Technology not only helps in generating insights but is also crucial in order to ensure your data is securely managed. Taking accountability for security allows your marketing department to operate freely and with confidence, and goes some way to protecting reputations; there’s nothing like a security or compliance breach to discourage customers and clients from transacting and sharing details, with Oracle’s research revealing that over 90% of data leaders state data management impacts their reputation. A secure data management strategy boosts customer loyalty and cements brand value.
Of course, technology alone is never enough. The employees of a data leader will be educated as to their data responsibility, allowing them to be diligent in their work. As well as being equipped with the right technology, they will be taught how to properly use it. Lastly, when handling data the right ethics must be in place to ensure compliance with overarching regulations.
The steps towards a data leader
If your data team lacks the above characteristics, your company falls short of being deemed a data leader. Fortunately, there are clear steps you can take that lead from the very bottom to the very top.
Your data strategy should be built with automation at its heart. Setting course on your journey, it’s vital to move away from manual processes for extracting data insights, towards automated ones. A buyer’s group can assemble, consisting of decision-makers across the business, in order to identify a vendor that suits. Once integrated, your automated solution will dramatically reduce human error and increase processing efficiency, helping produce insight that you can trust in a fraction of the time.

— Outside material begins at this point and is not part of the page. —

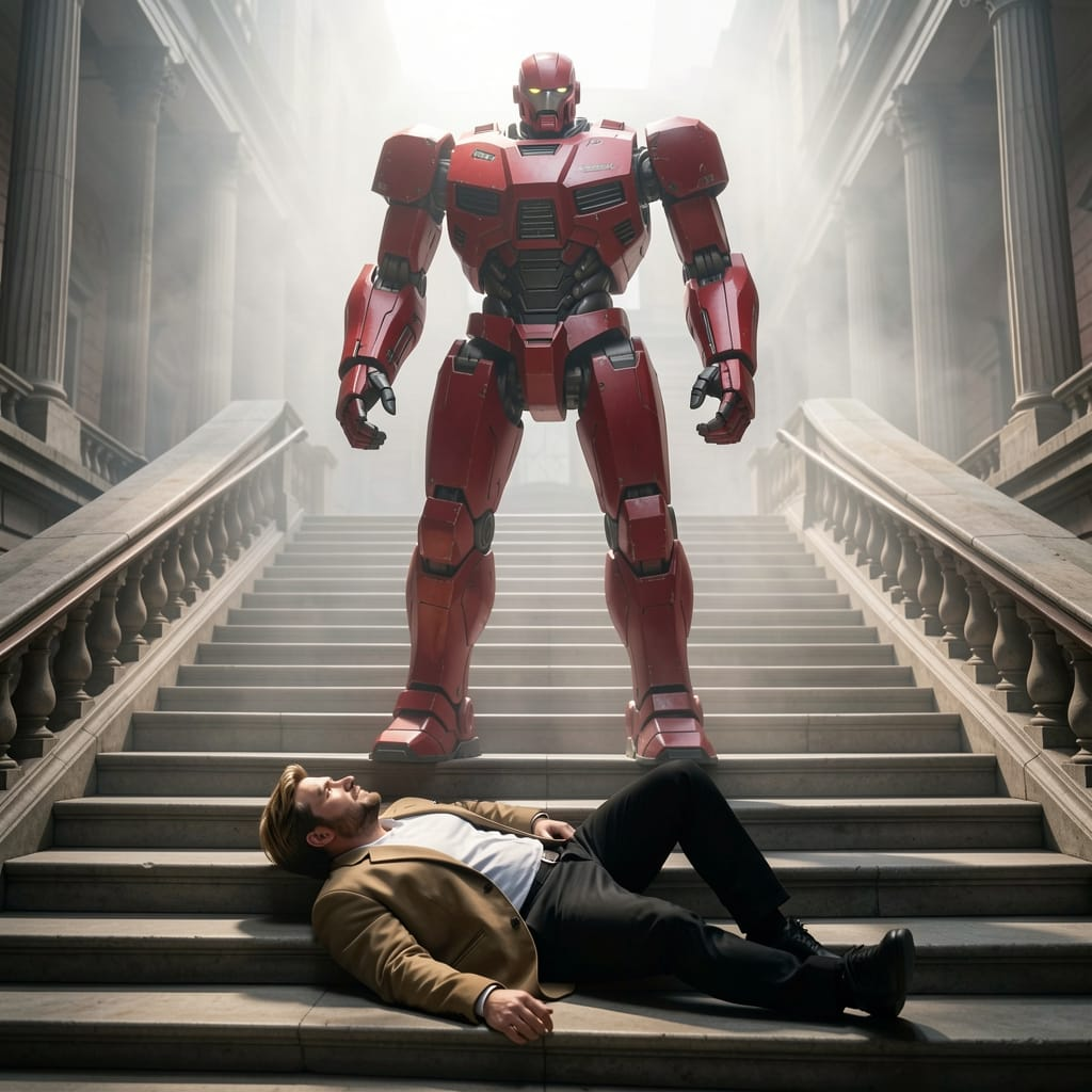 He spun around and caught a glimpse of a menacing blood-red android. He struggled to tear his arm away and opened his mouth to yell, but his effort was cut short by a silencing blow that sent his limp body to the floor. In his remaining seconds of consciousness, he thought he heard … he thought … he….
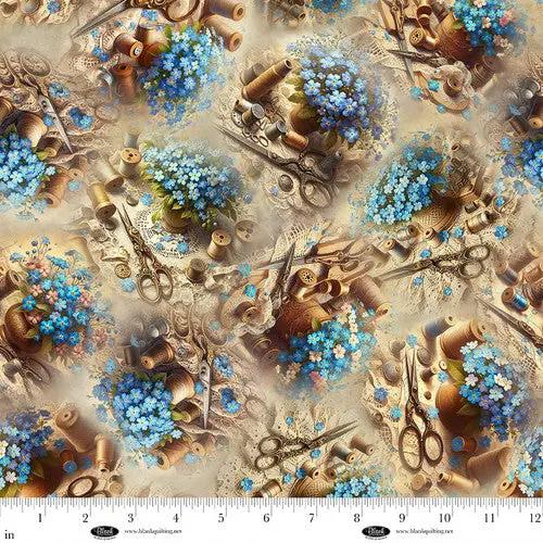 Forget Me Not Cream Cotton 44"/45" Fabric Per Yard

But employees still have a crucial role to play. They must be educated, introduce data management best practices, and ensure these are followed by the entire marketing department by means of regular training. It’s up to department leaders to keep an eye on evolving data management requirements, and filter updates into refresher sessions. These measures will empower employees, providing them with the right mix of tools and information to have confidence when dealing with data, allowing them to make better-informed decisions that go some way in boosting the customer experience.
Attempting to forge a data strategy can at times feel like an endless marathon. The pace at which regulations and technology evolve is difficult to keep up with. So it pays to have both long and short term goals. Goals must, of course, be flexible, whilst being strict enough to measure progress. Long term strategies should be fixed on the horizon, and short-term strategies adjusted in order to arrive there in one piece. Perhaps the best place to start is at the bottom. Aim to tidy up the data you already have, strip duplicates and run due diligence.
With a foundation established, data can be confidently managed and analysed, and in time, the ladder climbed towards becoming a data leader.